Week 5 June 21 - June 25

This week, I spent most of my time making heatmaps. The heatmaps visualize where biclusters and samples are most concentrated. For example, if we see a group of samples repeatedly appearing in multiple biclusters, we would want to look into the similarity between these samples and biclusters. I have never made heatmaps before, so I did a lot of research on the different heatmap packages in R. Every package has its own pros and cons; some packages are very interactive, which makes it easy to look into details on the heatmap, and some packages make it easy to add bars on the top of the heatmap for further annotation.

Throughout the week, I was also reading a paper on the molecular characterization of bladder cancer. This paper identifies gene copy number and mutations related to bladder cancer survival.

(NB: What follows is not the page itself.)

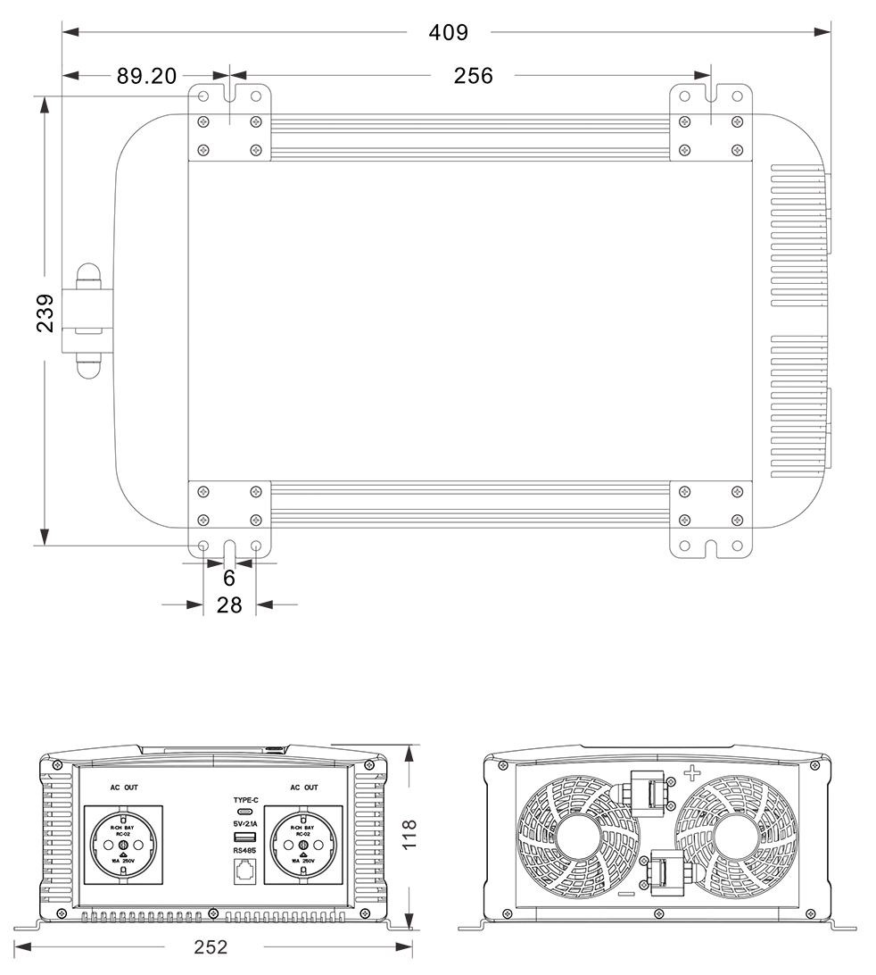 यांत्रिक रेखाचित्रे:(409x252x118mm)

I tried to incorporate these information into my heatmaps to identify if there are groups of samples exhibiting the same mutation or copy number changes.

Week 6 June 28 - July 2

I changed the method for calculating distance on the heatmap to binary and reannotated the clusters on the map. I presented my findings at Dr. Khiabanian's lab meeting. I really appreciated the opportunity to present my findings; it allowed me to summarize what I have found and I can use some of these materials for my presentation at the end of the program. During the meeting, we also talked about possibilities for me to apply the analysis I have done to bladder cancer to a pan-cancer analysiss. I think this is a really cool idea!

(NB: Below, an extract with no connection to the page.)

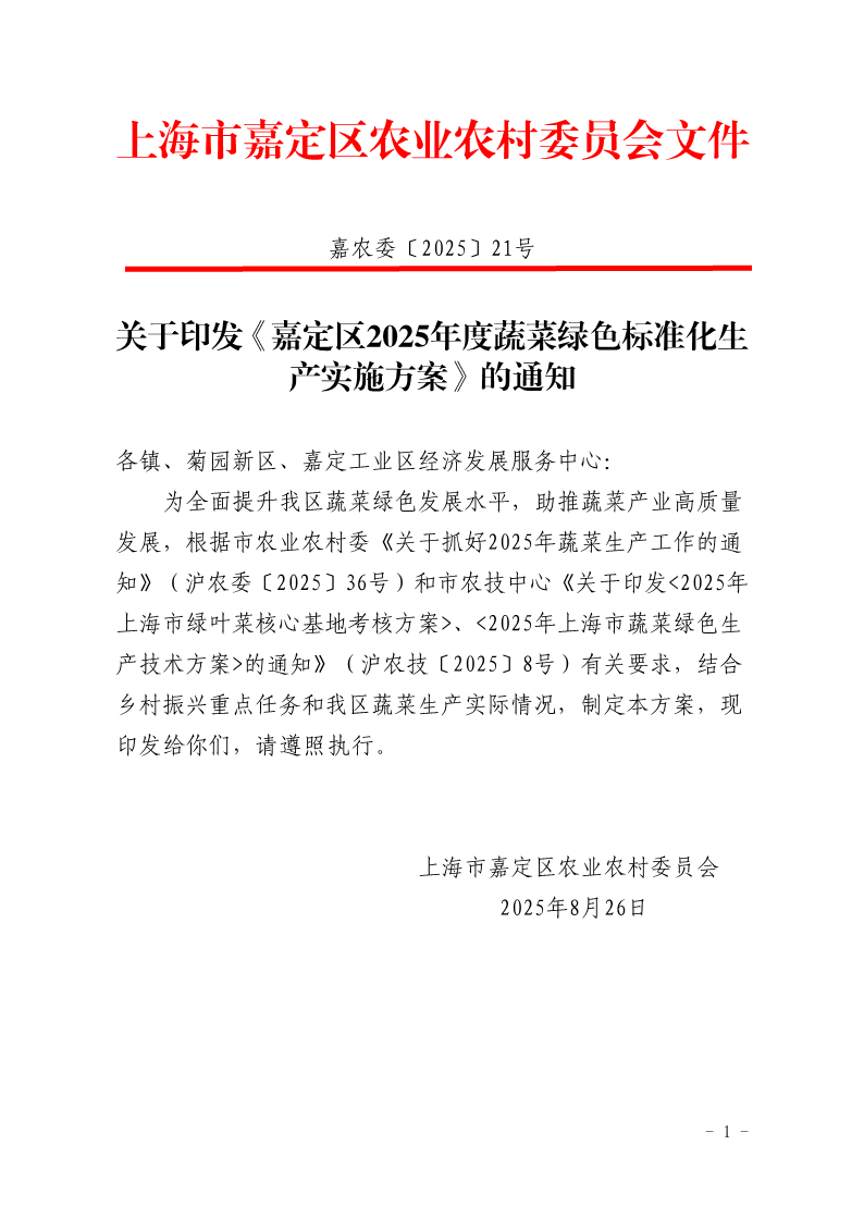索引号: 00001434-9/2025-00000080 发布机构: 区农业农村委 发文日期: 2025年08月26日 文 号: 嘉农委〔2025〕21号 关键词: 主题分类: 政府文件 关于印发《嘉定区2025年度蔬菜绿色标准化生产实施方案》的通知 发布时间:2025-08-26 浏览次数: 次 【字体:小 大】

I also finally decided to use the ComplexHeatmap package in R for my visualizations. It does not provide the best interactivity, but it has the best aesthetic and allows to make custom heatmaps. Using this package, I added top annotations on the heatmap. I found that it is very likely for biclusters with immune response-related genes to have better survival.

On Thursday, I attended the scientific writing workshop. It is very informative and provided me with a structure of how to write the upcoming paper.

Week 7 July 6 - July 9

Previous results show that biclusters enriched with a single chromosome are alo very likely to have amplified or over-amplified copy number. I found a list of biclusters like this and filtered for bicluters with 20 or more samples. Among these bicluters, there are samples and genes that repeatedly appear in these biclusters. I did research on these genes and samples to see if they have any association with cancer.

I learned about different areas of AI at this week's AI conference. It provides great information regarding academia and industry career options in the AI field.

Week 8 July 12 - July 16

We hypothesize that the samples that repeatedly appear in biclusters (enriched by a single chromosome and copy number amplification) may depict homogolous repair deficiency. Patients with HRD are going to have a higher number of mutations, which could make them more sensitive to immunotherapy. Another postgrad working at the Khiabanian lab has been doing research in this area, so I emailed him a list of samples that appeared in 10 or more biclusters and hopefully our hypothesis can be confirmed!

I also started working on my final paper and presentation.

Week 9 July 19 - July 23

This week, I worked on my final presentation and paper. I wrote down everything I have done so far on a piece of paper and organized them to tell a cohesive story for my research. I worked on writing a very specific bullet-note draft for the paper, and this strategy helped me to structure my thoughts when I trasnfer my ideas to academic writing.

I was able to present to my mentor on Tuesday, and he gave me a lot of helpful suggestions on how to structure the overall presentation and how to make the slides more engaging.

On Thursday and Friday, I listened to the student presentations. All of them are super informative and I really enjoyed seeing what other people have been doing this summer! It has been a great experience participating in the DIMACS REU program. I learned a lot about statistical genetics and was able to apply what I have learned in class to research.

This work was carried out while the student Connie Zhang was a participant in the 2021 DIMACS REU program at Rutgers University, supported by NSF grant CCF-1852215.